There is much talk of "partnership" with the Afghan Army who will be coming along. "Partnership" you note - the days of "mentoring" are gone, in this new politically-correct world of Afghanisation.

Afghan "partnership"
Across the rest of the day in no fixed place at no fixed time - the unofficial brief. For starters, squaddies do not talk about partnership with the Afghan National Army (ANA).

They offer other observations: "See one Afghan compound and you've seen 'em all. And you'll all get bitten to f*** by fleas".

Helpful, true to a point (certainly on the flea issue) but not exactly tactical.

But there is more.

"You'll get dicked from the first moment you get in. They'll watch everything you do. You fart - they know it. You'll get no contacts on day one."

"And then?" I asked this guardsman, desperate to come along, but down for other duties.

"Then they open up anyway they can. Loads of contacts then. Everywhere you go the next two days of it.
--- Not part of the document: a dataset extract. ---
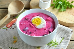 Подавайте бурячник з половиною вареного яйця.
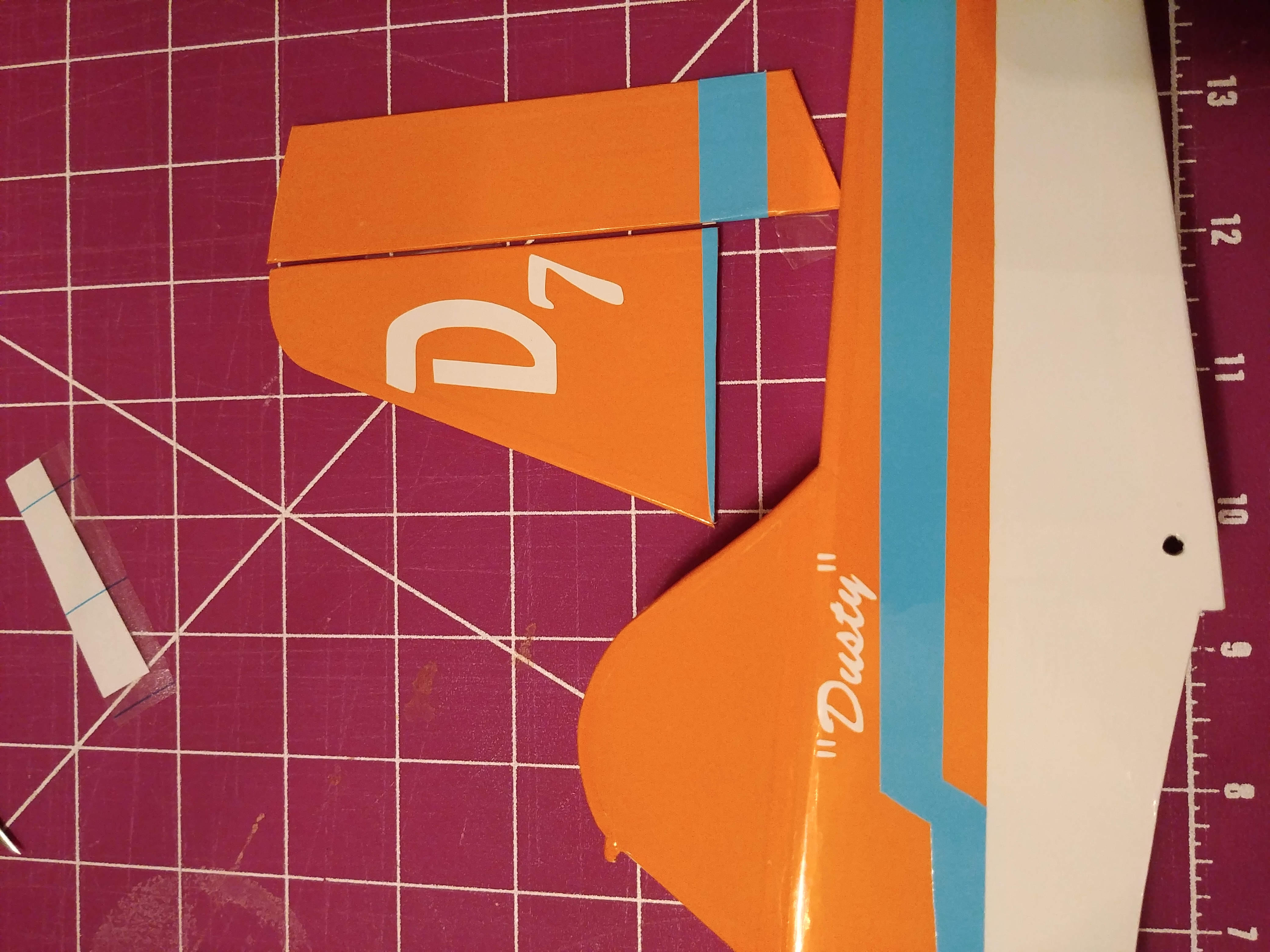 Dusty's tail surfaces are shaped a little different than the crop duster kit so I used more scraps to try and make them resemble the cartoon. I squared up the rudder and elevator then cut more of an angle on the vertical stabilizer. Once I had them built up I trimmed and sanded them to shape ...

No question."

And on that last critical point both official and unofficial briefings coincided precisely.



Once I had actually managed to jump from the Chinook in darkness, with no night vision, heavy pack, and body armour into the thick mud of the landing field, I felt suddenly confident.

A feeling which remained through day one as the army went about what it calls "human terrain mapping" (who came up with that?).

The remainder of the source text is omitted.